The output of the above commands will resemble the following:
uintx InitialHeapSize := 20655360 {product}
uintx MaxHeapSize := 331350016 {product}
uintx PermSize = 21757952 {pd product}
uintx MaxPermSize = 85983232 {pd product}
intx ThreadStackSize = 1024 {pd product}
The sizes are given in bytes.
In the Garbage collection example, we implied that Java solves the problem of memory leaks. This is not actually true. A Java program can leak memory, though the causes of the leaks are rather different.
Consider the following naive stack implementation.
public class NaiveStack {
private Object[] stack = new Object[100];
private int top = 0;
public void push(Object obj) {
if (top >= stack.length) {
throw new StackException("stack overflow");
}
stack[top++] = obj;
}
public Object pop() {
if (top <= 0) {
throw new StackException("stack underflow");
}
return stack[--top];
}
public boolean isEmpty() {
return top == 0;
}
}
When you push
an object and then immediately pop
it, there will still be a reference to the object in the stack
array.
The logic of the stack implementation means that that reference cannot be returned to a client of the API. If an object has been popped then we can prove that it cannot "be accessed in any potential continuing computation from any live thread". The problem is that a current generation JVM cannot prove this.
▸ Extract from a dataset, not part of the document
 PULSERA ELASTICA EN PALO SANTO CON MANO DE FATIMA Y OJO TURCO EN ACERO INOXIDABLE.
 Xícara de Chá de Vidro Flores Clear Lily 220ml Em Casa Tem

Current generation JVMs do not consider the logic of the program in determining whether references are reachable. (For a start, it is not practical.)
But setting aside the issue of what reachability really means, we clearly have a situation here where the NaiveStack
implementation is "hanging onto" objects that ought to be reclaimed. That is a memory leak.
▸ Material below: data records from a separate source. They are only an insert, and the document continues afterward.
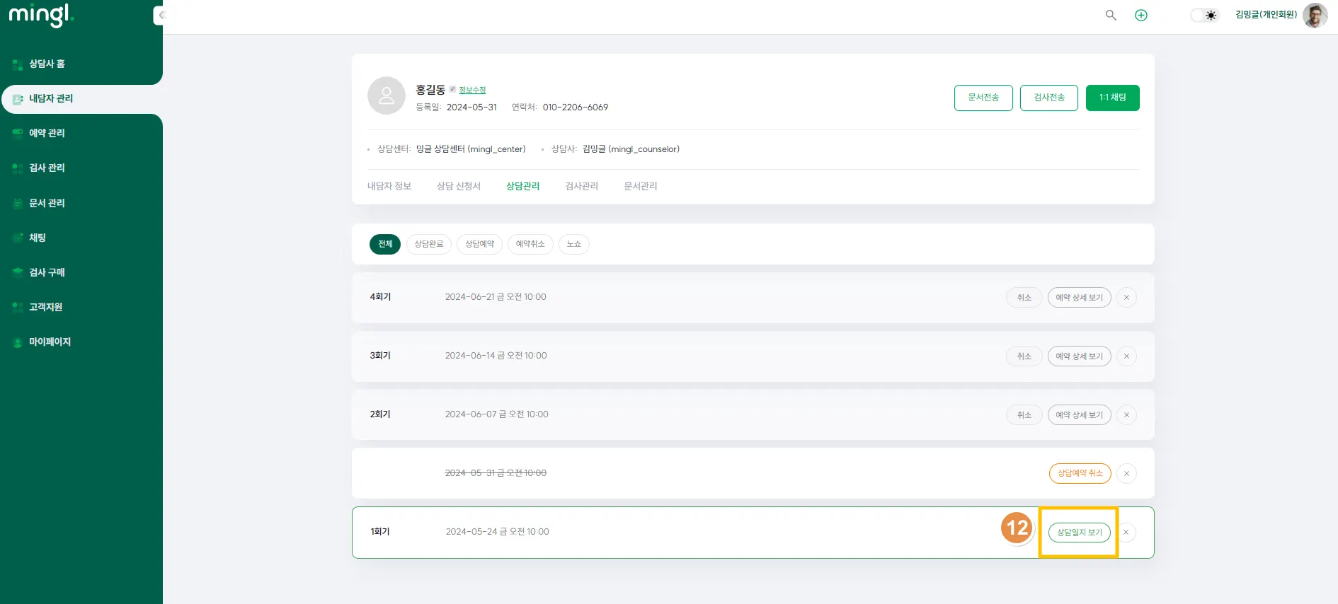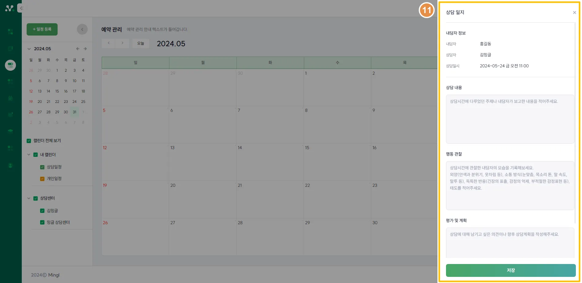 11) 개인 ID에서 상담 일지를 작성해 보세요.
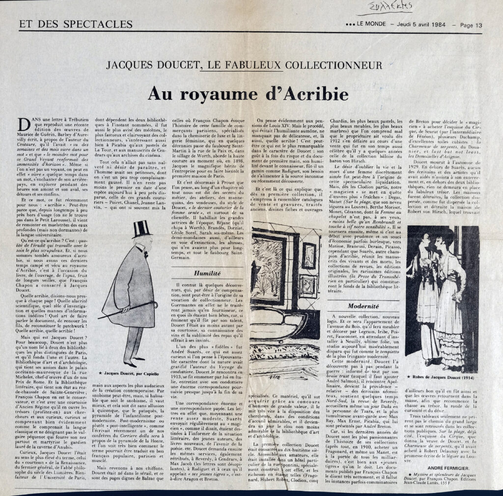 Απόκομμα της εφημερίδας “Le Monde”, έντυπο, στα γαλλικά, χαρτί, διπλής όψης, 33×33 εκ., όπου δημοσιεύεται άρθρο του ιστορικού και κριτικού της τέχνης A. Fermigier, σχετικά με τον συλλέκτη και σχεδιαστή μόδας J. Doucet. Το απόσπασμα εικονογραφείται. Πάνω δεξιά, επιγραφή, στα ελληνικά.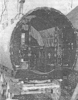 Другое современное дополнение к моторизованному дому – палатка. И опять таки в этом отношении цыгане давно опередили нынешних туристов: в дополнение к домам на колёсах устанавливали шалаши бендеры. Цыгане срезали длинные, гибкие ветви, втыкали их в два ряда в землю, пропуская свободные концы через отверстия центрального деревянного бруса.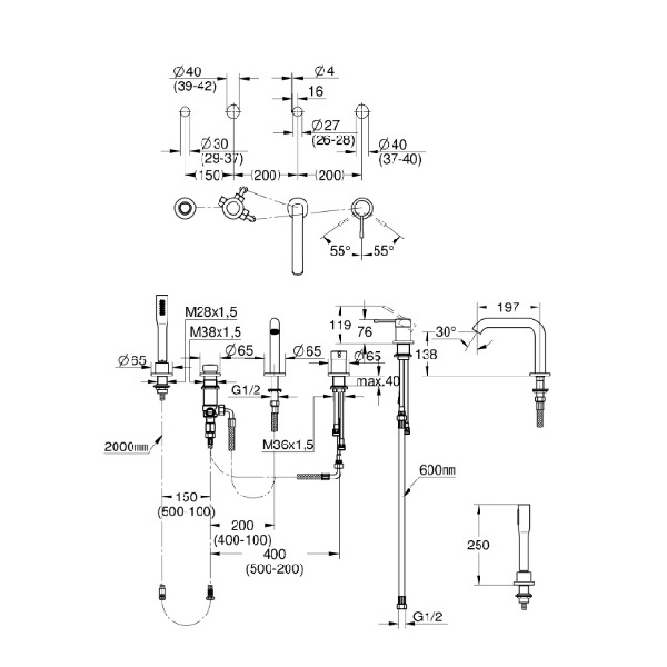 グローエ 19578DC1J 浴室用水栓 エッセンス シングルレバーデッキバス シャワー混合栓(スーパースチール) ※受注生産品 § [gr-19578dc1j]
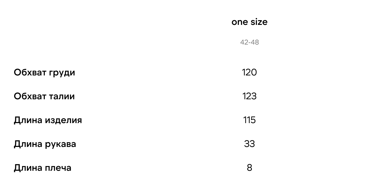Все мерки указаны в сантиметрах. Измерения выполнены по изделию в разложенном виде на ровной поверхности. Возможна погрешность ±1–2 см. Подробнее о том, как выбрать подходящий размер.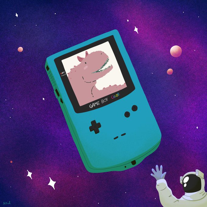 Day 16 : Game boy and space 💫 My first game console was a blue game boy color. I spent so many hours with it! And you, what was your first console? #oktoriette #morinktober #inktober2022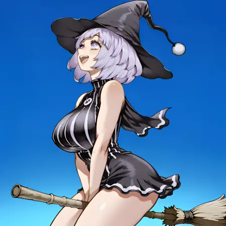 wmojikawa, 마녀 모자, 보라색 눈, 연한 보라색 머리카락, 큰 가슴, 청소용 빗자루
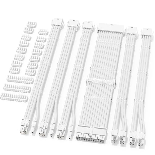 Sirlyr Vit PSU-förlängningskabelkit, PC-strömförsörjningskablar, förlängningsmod – 1 x 24 stift ATX/2 x 8 (4 + 4) stift EPS/3 x 8 (6+2) guldpläterad stift PCIE GPU, ljus vit nylonflätad, 30 cm, 6 kit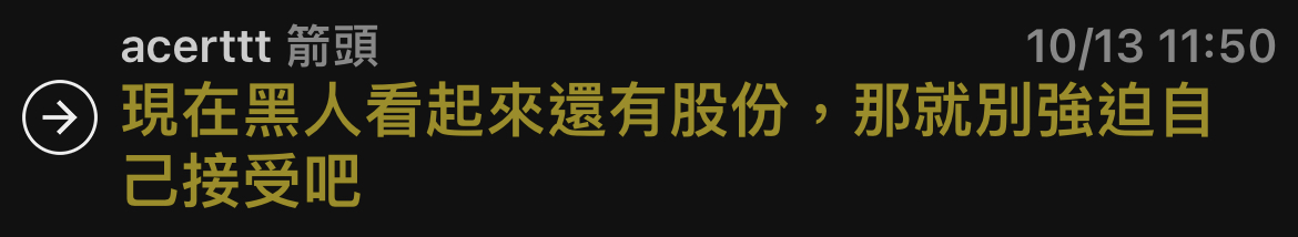 → acerttt : 現在黑人看起來還有股份,那就別強迫自己接受吧 10/13 11:50

In this case, the solution is straightforward:
public Object pop() {
if (top <= 0) {
throw new StackException("stack underflow");
}
Object popped = stack[--top];
stack[top] = null; // Overwrite popped reference with null.
return popped;
}
A common strategy for improving service performance is to cache results. The idea is that you keep a record of common requests and their results in an in-memory data structure known as a cache. Then, each time a request is made, you lookup the request in the cache. If the lookup succeeds, you return the corresponding saved results.
This strategy can be very effective if implemented properly. However, if implemented incorrectly, a cache can be a memory leak. Consider the following example:
public class RequestHandler {
private Map<Task, Result> cache = new HashMap<>();
public Result doRequest(Task task) {
Result result = cache.get(task);
if (result == null) {
result == doRequestProcessing(task);
cache.put(task, result);
}
return result;
}
}
The problem with this code is that while any call to doRequest
could add a new entry to the cache, there is nothing to remove them. If the service is continually getting different tasks, then the cache will eventually consume all available memory. This is a form of memory leak.
One approach to solving this is to use a cache with a maximum size, and throw out old entries when the cache exceeds the maximum. (Throwing out the least recently used entry is a good strategy.) Another approach is to build the cache using WeakHashMap
so that the JVM can evict cache entries if the heap starts getting too full.